Postby DWish97 » Sat Feb 18, 2017 9:23 am

It's been five years. I still do this and it gets worse. In my opinion munchausen syndrome is a chronic spectrum disorder, that gets worse as time progresses. It's just not fun anymore, and I feel so paranoid. I used to be so smart, I knew everything about my fake illnesses but now I can't remember any of it, i just keep pressing on without knowing any of my $#%^ and I just don't know how much longer I can do this. I want to be sick, I want to make these lies a truth and get what I deserve. I just want this SO badly... It doesn't make sense. Why would I want this? I complained when I had bronchitis, yet I desperately want cancer or some other equally horrific disease. This isnt fun anymore. It's not, its way past that stage. Now it's just torture and paranoia. I'm so scared that I'm going to get caught, and I know I will if I keep this up any longer. I've already tried many times to get help, nobody believes me... figures.
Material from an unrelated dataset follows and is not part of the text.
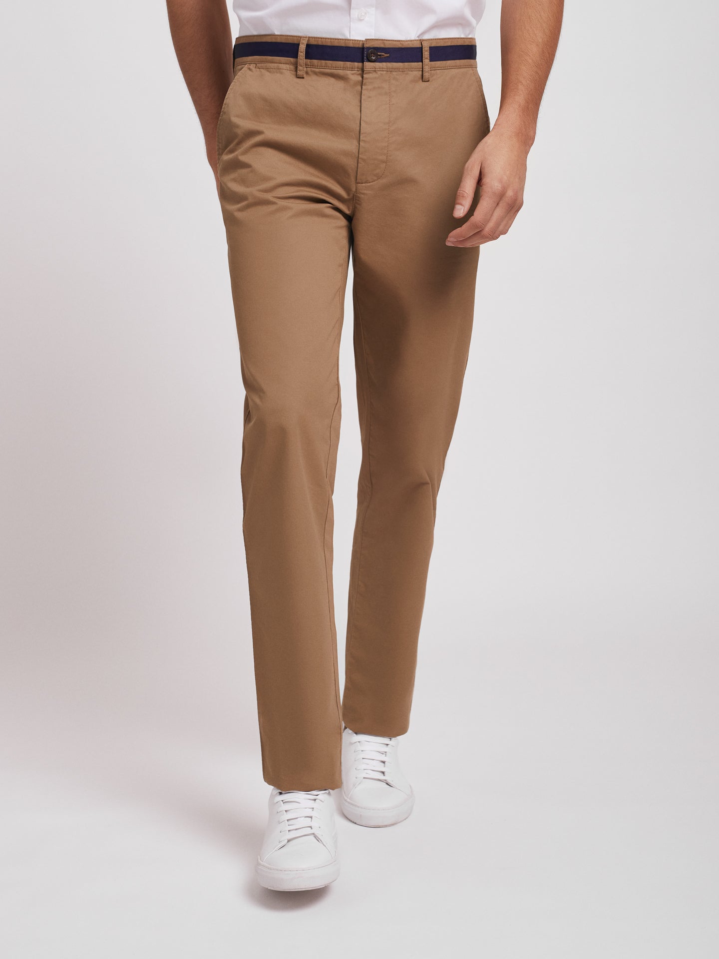 Calças Chino camel homem 100% algodão. Tape no cós azul marinho. Corte regular, fecho de botão e fecho de correr oculto por carcela, dois bolsos laterais e um bolso pequeno. Dois bolsos com casa de botão abotoados atrás e presilhas para cinto.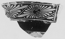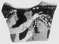 | Description: | "Foundry Pit": N-S Cut on 50m. line (area of Stoa, Layer VII, with slag). A foundry pit in the courtyard of a small metalworking establishment outside the Agora to the northwest. Both the courtyard and the pit preserved many traces of iron-working including slag, ash and charcoal, along with a considerable amount of pottery, figured, plain glazed and coarse, all fragmentary but constituting a homogeneous deposit, most of it rather earlier than the most developed material from Olynthos. A few pieces not directly from the pit, but from closely related levels in the immediate vicinity are referred to this deposit. Formerly deposit no. F 2:1. | |

I tell a professional "I have munchausen syndrome please help me..." they say "you have borderline personality disorder" I believe that maybe I do, but I have munchausen tendencies and nobody wants to acknowledge that. I go to my therapy sessions, it's all just talk about my mood. I want to talk about this sick thing that I do. Just for once. I want someone to believe me when I tell them the truth. Instead they just believe the lies. It makes me so upset. I believe that I belong locked up in the hospital, I cannot function in the real world. This obsession with being sick just takes over. My heart is so done with this... I just wish my mind would agree.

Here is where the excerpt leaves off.